MedaCy seeks to create a unified platform to streamline research efforts in medical text mining while also providing an interface to easily apply models to real world problems. Due to this, contributions to medaCy are often consequences and direct by-products of active research projects. However, if not for the contributions, bug fixes/reports, and suggestions of practioners - medaCy could not grow and thrive.
This contribution guide is designed to inform:
- Researchers in how they can efficiently utilize medaCy to make their work more reachable by practioners.
- Practioners in how they can tune medaCy's cutting-edge functionalities to their specific application.
Please do a search before posting an issue/bug report - your problem may already be solved! If your search comes up for not - congratulations, you may have something to contribute!
At it's most basic one can fork medaCy, clone down their fork, and use their favorite text editor to develop. However, some up-front set-up effort goes a long way towards streamlining the contribution process and keeping organized. This section details a suggested set-up for efficient development, testing, and experimentation with medaCy utilizing PyCharm.
Assumptions of this section:
- You are working in a UNIX based operating system.
- Part 2 assumes you have Pycharm Professional installed - Pycharm Professional is provided with the Jetbrains University License. (this isn't entirely necessary but the useful Remote Host feature is disabled on the Community Edition)
Part 1: Development Installation
- If you are shaky with git - this link provides an excellent description of the branching model medaCy follows to organize contributions.
- Fork medaCy and copy the clone link.
- On your machine, insure you have Python 3 installed. Set-up a virtual environment and activate it.
- Run the bash commands:
python --version
andpip list
. Upgrade pip to the latest version as suggested. Your python version should be above 3.4 and your installed packages should be few in number - if both of these conditions do not hold return to Step 3. - In a directory separate from the one created by the virtual envirorment set-up command, clone down your fork of medaCy.
- Whilst inside your cloned fork, insure you are in at-least the development branch or a branch of the development branch.
This can be verified by running
git status
and branching can be done withgit checkout <branch-name>
- Run
pip install -e .
This will install medaCy in editable mode inside of your virtual environment and will take several minutes to install dependencies - medaCy stands on the shoulders of giants! Errors one is likely to encounter here include the installation of sci-py and numpy. Google search the errors as they are easily fixable via the installation of some extra dependencies. Likely, your python installation is missing C headers required by scipy.
Part 2: Developing with PyCharm PyCharm can streamline development efforts - especially if you are developing locally and running medaCy on a remote machine for model building.
Part 3: Logging
MedaCy uses the logging module to allow users insight into how medaCy is handling their data. Insure you are logging critical steps in any functionality you implement at the appropriate logging levels to make it easy for users to debug.

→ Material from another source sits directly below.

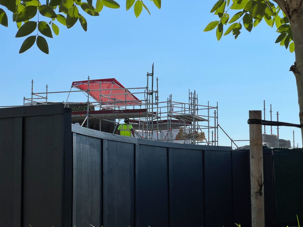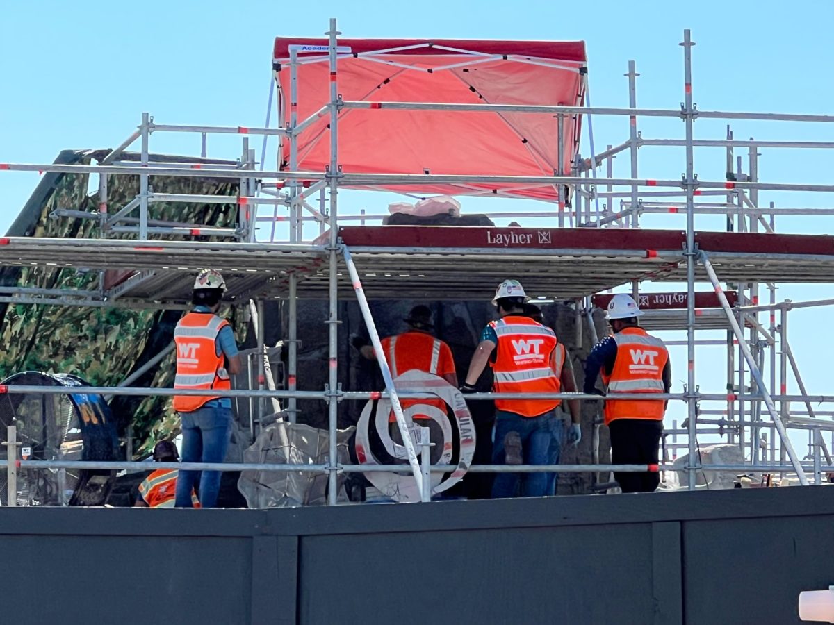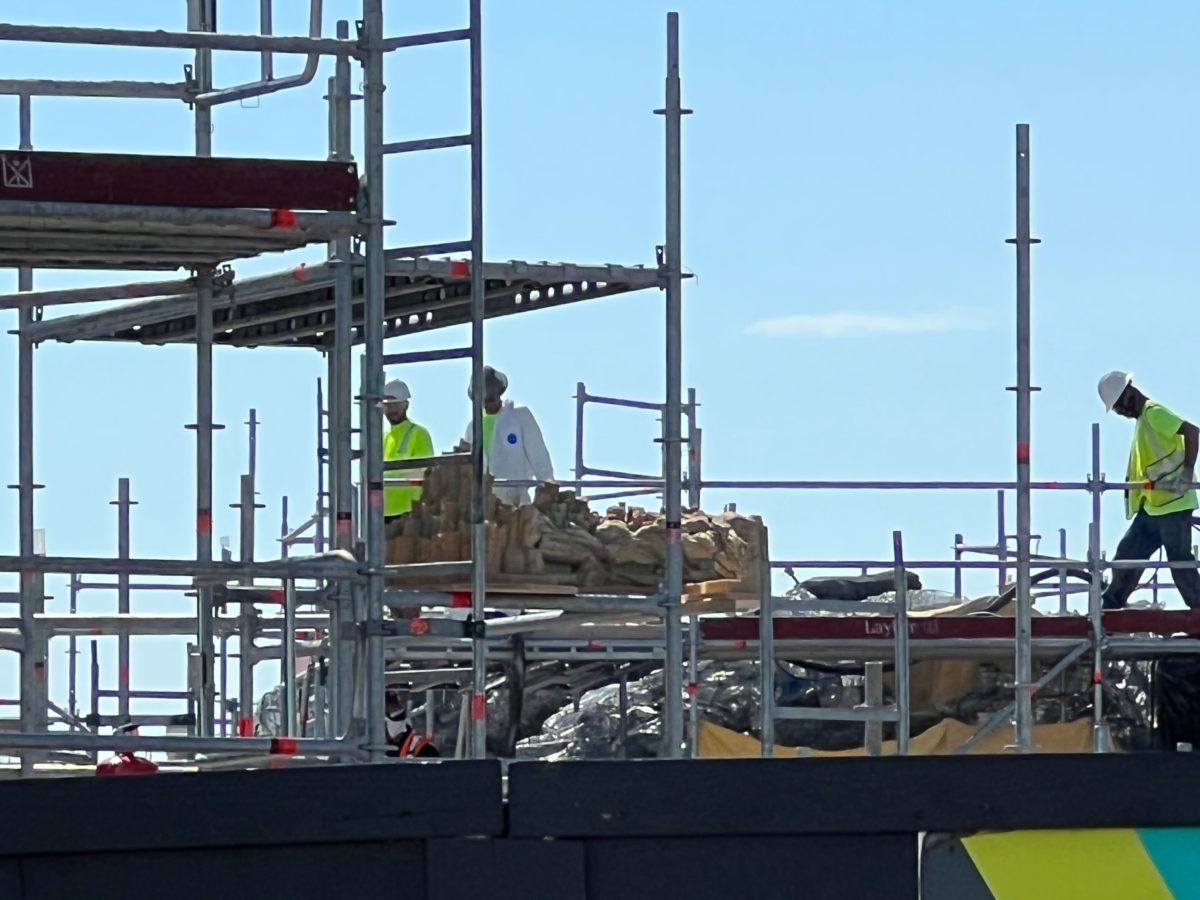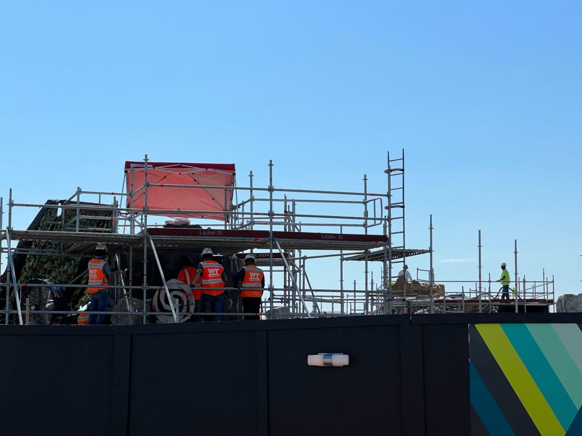 It’s currently on a set of scaffolding, easily accessible to construction workers.
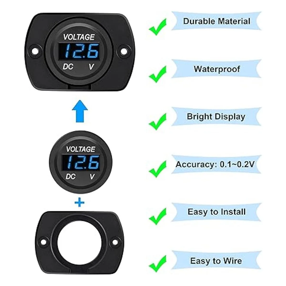 Precisión de medición: 0,1 V0,2 V, perfecto para coche/motocicleta/caravana/camión/barco/ATV/UTV, etc.

All components of medaCy have associated unit tests. Please insure these all pass before submitting pull requests. When medaCy runs unit tests, it first automatically installs the END dataset then uses it to test various functionalities of the package. Some tests involve building a model over the dataset - these may take some time to complete.
After installing medaCy for development, make sure that pytest
is installed. Then:
-
For quick testing of the whole framework, run:
python setup.py test
. -
For more fine-grained testing on individual files with colorful log output run:
pytest -s tests/tools/test_data_manager.py -o log_cli=True --log-cli-level=INFO
.This will show log output during tests and allow you to adust logging level for the test file being run. Read the pytest documentation for details.
Note that some of the unit tests require knowledge about the configuration of your machine, and that those tests will be skipped if those configuration settings are not specified in the config.json file. These settings include the location of a MetaMap binary file on your machine, which GPU core to use for certain tests, and the location of a word embeddings file. It may be that your contributions will not affect functionality that depend on these features, however, all pull requests will be tested against the full unit test suite.